Multiple transpolar auroral arcs reveal insight about coupling processes in the Earth's magnetotail.

A distinct class of aurora, called transpolar auroral arc (TPA) (in some cases called "theta" aurora), appears in the extremely high-latitude ionosphere of the Earth when interplanetary magnetic field (IMF) is northward. The formation and evolution of TPA offers clues about processes transferring energy and momentum from the solar wind to the magnetosphere and ionosphere during a northward IMF. However, their formation mechanisms remain poorly understood and controversial.

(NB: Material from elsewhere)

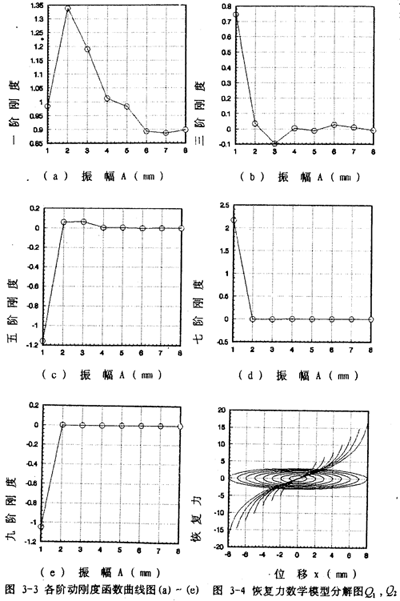 將(3-27)式中剛度函數(shù)作成曲線如圖3-3(a)-(e)所示,由一階動(dòng)剛度函數(shù)圖3-3(a)可知,振幅在lmm~2mm范圍內(nèi)時(shí),動(dòng)剛度隨振幅增大而增大,呈硬特性;當(dāng)振幅在2mm~7mm范圍內(nèi)時(shí),動(dòng)剛度隨振幅增大而減小,呈軟特性;當(dāng)振幅在7mm~8mm范圍時(shí),動(dòng)剛度隨振幅增大略有回升。由此圖可知,在聯(lián)軸器初始小振幅和極限振幅附近范圍內(nèi),動(dòng)剛度呈硬特性,而在中間振幅范圍內(nèi)呈軟特性。K5(A)和K9(A)也具有類似的特性。而K3(A)和K7(A)在小振幅時(shí)呈軟特性,這樣的動(dòng)剛度特性滿足船舶緩沖減振降噪的要求,即在一般低能量風(fēng)浪流作用下,該聯(lián)軸器鋼絲繩元件的變形小,動(dòng)剛度大,呈硬特性,這能保證船舶推進(jìn)軸系的基頻高于風(fēng)浪流的顯著能量頻率;在大能量風(fēng)浪流和沖擊作用下時(shí),聯(lián)軸器由于載荷增大而變形增大,這種情況下動(dòng)剛度軟化,使船舶推進(jìn)軸系頻率變小,向遠(yuǎn)離大能量風(fēng)浪流和沖擊顯著能量頻率一側(cè)偏移,在遲滯阻尼下耗散能量,使軸系沖擊振動(dòng)響應(yīng)降低。由(3-27)式和(3-12)式可作出相應(yīng)的彈性恢復(fù)力單值曲線如圖3-4所示。將圖3-4中代表彈性恢復(fù)力的單值曲線與圖3-2中的單值曲線比較可知,(3-12)式能較好地描述聯(lián)軸器彈性恢復(fù)力隨振幅變化的規(guī)律。

We report a mechanism identified from multiple-instrument observations of unusually bright, multiple TPAs and simulations from a high-resolution three-dimensional (3D) global MagnetoHydroDynamics (MHD) model. The observations and simulations show an excellent agreement and reveal that these multiple TPAs are generated by precipitating energetic magnetospheric electrons within field-aligned current (FAC) sheets. These FAC sheets are generated by multiple-flow shear sheets in both the magnetospheric boundary produced by Kelvin-Helmholtz instability between supersonic solar wind flow and magnetosphere plasma, and the plasma sheet generated by the interactions between the enhanced earthward plasma flows from the distant tail (less than -100 RE) and the enhanced tailward flows from the near tail (about -20 RE). The study offers insight into the complex solar wind-magnetosphere-ionosphere coupling processes under a northward IMF condition, and it challenges existing paradigms of the dynamics of the Earth's magnetosphere.